Un semestre nero, peggio di quanto previsto. Il primo bilancio del 2025 per Stellantis in Italia è impietoso: la produzione complessiva tra gennaio e giugno ha segnato un crollo del 27% rispetto allo stesso periodo del 2024. A renderlo noto è un’analisi della FIM-CISL, che evidenzia in particolare il forte tracollo delle automobili, in calo del 33,6%. In totale, sono usciti dagli stabilimenti italiani 221.885 veicoli, tra auto e mezzi commerciali.
Il quadro che emerge non lascia spazio a interpretazioni: Stellantis sta affrontando una delle fasi più critiche della sua presenza industriale sul territorio nazionale.
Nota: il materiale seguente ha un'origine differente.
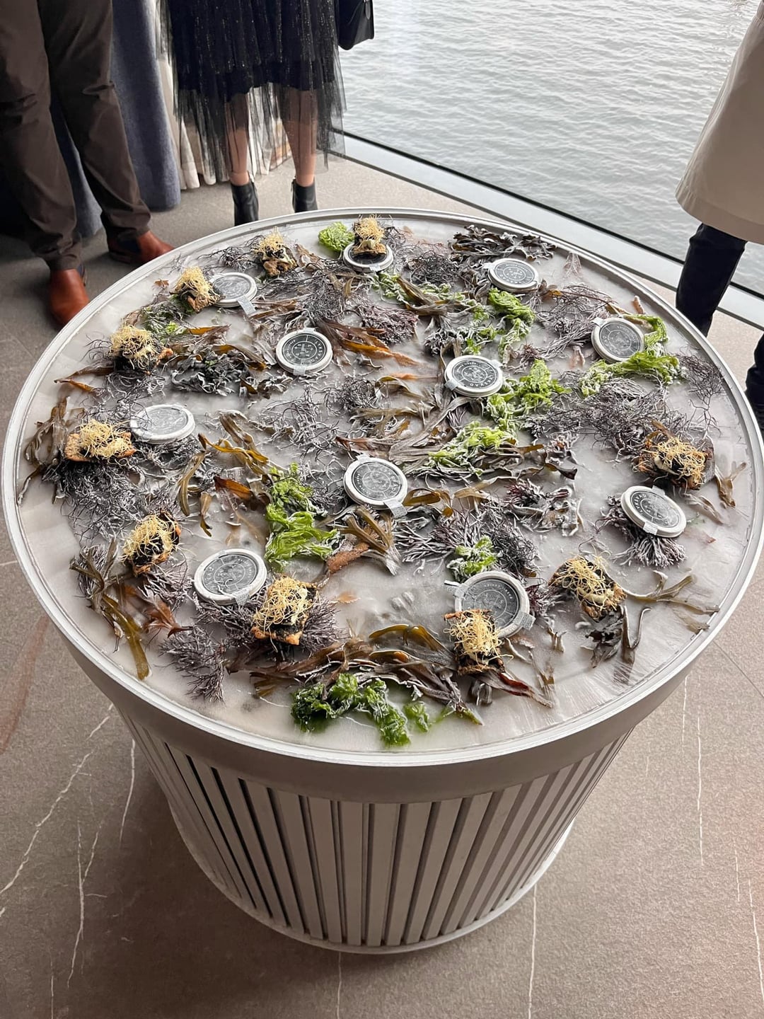 Next, we had a brief detour to the balcony overlooking Vejle Fjord – here, Danish caviar on local seaweed was served, and it was one of the highlights. The freshness and light salty flavor made it some of the best caviar I have tasted.

I segnali negativi, già emersi lo scorso anno, si sono aggravati ulteriormente, nonostante l’azienda abbia più volte annunciato piani di rilancio e nuovi investimenti.
Dietro i numeri si nasconde un progressivo svuotamento produttivo degli impianti italiani, su cui si regge una parte fondamentale dell’occupazione del settore automotive. La crisi non risparmia nessuna delle sedi storiche, colpite da riduzioni drastiche dei volumi e dal ricorso crescente agli ammortizzatori sociali.
Stellantis, stabilimenti in sofferenza
Il caso più emblematico riguarda lo stabilimento Maserati di Modena, dove la produzione è precipitata del 71,9%, fermandosi a sole 45 unità rispetto alle 160 dello stesso periodo del 2024. I giorni effettivi di lavoro sono stati appena 11, mentre il resto è stato coperto dal contratto di solidarietà.
Non va meglio a Melfi, che registra una flessione del 59,4%. A Mirafiori, cuore storico dell’industria torinese, si contano 15.315 vetture prodotte, con un calo del 21,5%. Il rilancio della Fiat 500 ibrida è stato rimandato a novembre, con eventuali effetti positivi rimandati al 2026.
Anche Pomigliano d’Arco fatica: le auto uscite dai reparti sono 78.975, il 24% in meno rispetto all’anno precedente. Si attende qui l’introduzione della nuova piattaforma STLA Small, ma il debutto è fissato per il 2028. Nel frattempo, si lavora su modelli a fine ciclo produttivo, con impatti inevitabili sulla competitività.
Il contesto si complica ulteriormente con l’ennesimo rinvio della gigafactory di Termoli, l’impianto destinato a produrre batterie per veicoli elettrici. L’apertura, inizialmente prevista per il 2026, è stata posticipata, mentre le 1.800 assunzioni annunciate restano solo sulla carta. I sindacati hanno chiesto un confronto immediato con il ministro delle Imprese Adolfo Urso per ottenere risposte concrete.
Urso ha attribuito la crisi alle rigide norme europee del Green Deal e alla congiuntura globale sfavorevole. La FIM-CISL, però, individua anche gravi responsabilità interne: Stellantis, pur partendo da una posizione di leadership nel mercato europeo, ha faticato a gestire la transizione elettrica e digitale, puntando invece sul restyling di modelli obsoleti. Il risultato è una perdita di terreno rispetto ai concorrenti asiatici e statunitensi, più reattivi nell’innovazione e nella trasformazione industriale.
Secondo le stime sindacali, entro fine 2025 la produzione nazionale non supererà le 400mila unità, suddivise in 250mila automobili e 150mila veicoli commerciali leggeri. Un nuovo arretramento rispetto al 2024, quando si erano toccate 475.090 unità complessive. Il rischio è l’ennesimo ricorso massiccio a cassa integrazione e contratti di solidarietà, con ricadute pesanti su lavoratori diretti e indotto.